━━ Data shown
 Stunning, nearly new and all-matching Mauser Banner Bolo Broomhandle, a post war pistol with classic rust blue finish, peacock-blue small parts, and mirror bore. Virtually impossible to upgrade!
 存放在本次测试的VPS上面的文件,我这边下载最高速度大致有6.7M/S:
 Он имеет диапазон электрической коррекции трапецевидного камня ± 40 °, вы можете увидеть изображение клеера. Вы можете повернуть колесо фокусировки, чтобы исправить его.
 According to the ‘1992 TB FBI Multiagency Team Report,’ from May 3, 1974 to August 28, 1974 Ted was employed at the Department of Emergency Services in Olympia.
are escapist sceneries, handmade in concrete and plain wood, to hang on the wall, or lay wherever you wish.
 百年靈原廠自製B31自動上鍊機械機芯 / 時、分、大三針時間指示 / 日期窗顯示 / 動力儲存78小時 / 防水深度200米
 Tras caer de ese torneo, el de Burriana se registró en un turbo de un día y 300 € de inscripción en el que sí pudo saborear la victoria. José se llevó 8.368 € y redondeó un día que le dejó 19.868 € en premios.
━━━━
━━ Data shown
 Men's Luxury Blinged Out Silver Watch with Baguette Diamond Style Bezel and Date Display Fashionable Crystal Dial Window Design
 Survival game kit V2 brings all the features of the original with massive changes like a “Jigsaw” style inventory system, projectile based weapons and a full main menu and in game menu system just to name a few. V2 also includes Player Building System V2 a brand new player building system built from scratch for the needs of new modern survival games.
━━━━
### Task requirements
Extract from the listing above the lines between the line containing "百年靈原廠自製B31自動上鍊機械機芯 / 時、分、大三針時間指示" and the line containing "Tras caer de", keeping both of those lines. Output nothing else.

### Answer area
 百年靈原廠自製B31自動上鍊機械機芯 / 時、分、大三針時間指示 / 日期窗顯示 / 動力儲存78小時 / 防水深度200米
 Tras caer de ese torneo, el de Burriana se registró en un turbo de un día y 300 € de inscripción en el que sí pudo saborear la victoria. José se llevó 8.368 € y redondeó un día que le dejó 19.868 € en premios.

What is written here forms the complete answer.